Jim took Heather's hand and, behind her back, flashed Sebastian a look of "give us space." Sebastian waited until the two were a good 10 steps ahead of him before following.

"Oh, Jim, should we wait for Bash? I don't want to lose him."

"Nah, he's good at keeping track of people in crowds. Besides, I want some time alone with you. How are feeling after touring the submarine? Breathing ok? Do you need to sit down for a minute? You handled really well."

"Still a little tiny bit shaky inside, but it really helped having you there. And Bash. Thanks for everything today. I'm sorry I yelled at you earlier."

"Well, on the upside, at least we got our first fight done and over with. And we both survived! Not many people survive a fight with me. I can't imagine many survive one with you, either." Heather smiled.

"No, you're right about that. My temper doesn't show very often, but it is quite blistering when it does. It's the Irish in me, I suppose."

"I'd like to put about 9 more inches of Irish in you," thought Jim to himself. "Yeah, you're probably right. We Irish are certainly known for our tempers," said Jim. "Ah, here we are at the USS Constellation, I believe.

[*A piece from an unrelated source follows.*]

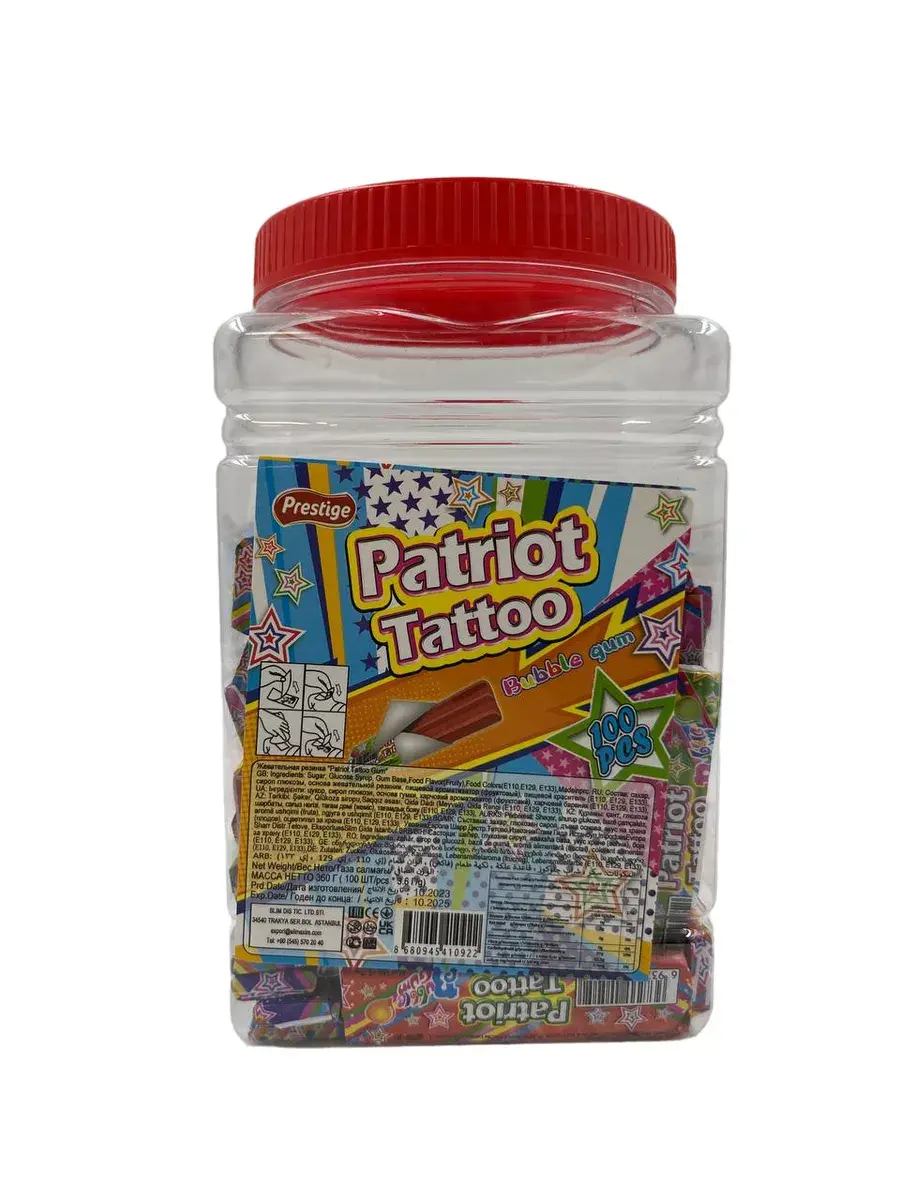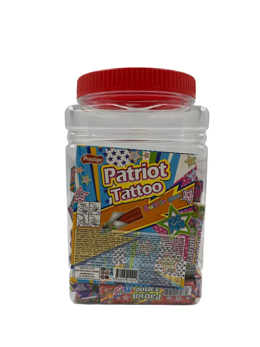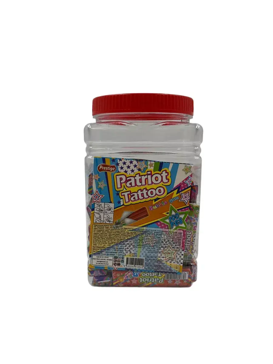 Жевательная резинка Patriot Tatoo со вкусом Бабл-Гам обязательно понравится вашим детям. Это не только вкусная жевательная резинка, но также стильные и яркие татуировки, которые не оставят равнодушным вашего ребёнка! Приятный подарок для детского праздника, в упаковке 100 штук.Жевательная резинка Patriot Tatoo - Жвачка, которой хватит надолго!

"Jim, I changed my mind about the plan I mentioned in the car. After everything today, it doesn't feel like the right thing to do right now. Some things have changed, and I need to reassess how to move forward. Don't worry, though. We are still on for sex tonight. I'm actually a bit more eager now than I was before. Ew, I just realized. I don't have any condoms at home. It's been a bit of a dry spell lately and I'm out. You don't happen to have any, do you?"

"I can honestly say that when I packed for this trip, sex was the last thing on my mind, so no. What do you want to do?"

"Well, um … I know that I'm clean and I can't get pregnant, so … um … can you say the … same about yourself or … do we need to … ya know … make a stop somewhere?"

Jim chuckled, "I'm clean too and pretty sure I can't get pregnant either so it's up to you. Do you want to make a stop, or should we go free and clear?"

Heather's inner voice screamed at her, "Don't be stupid, Weire! What do you always say? "No glove, no love.' Well … winter's coming and your hands are bare. This is a no-brainer." Heather stared into those deep chocolate eyes and threw caution to the wind. "I want to feel all of you, Mr. Moriarty. Every last bit. We're good without," she purred in a husky voice.

"Brilliant. I was hoping that was what you picked. Get ready for a wild ride, cowgirl! Oh, look, here comes Moran, right on time." Jim ground his teeth and rolled his eyes. "That man is a walking cockblock today. I'm going to have to send him far away when we get back," thought Jim.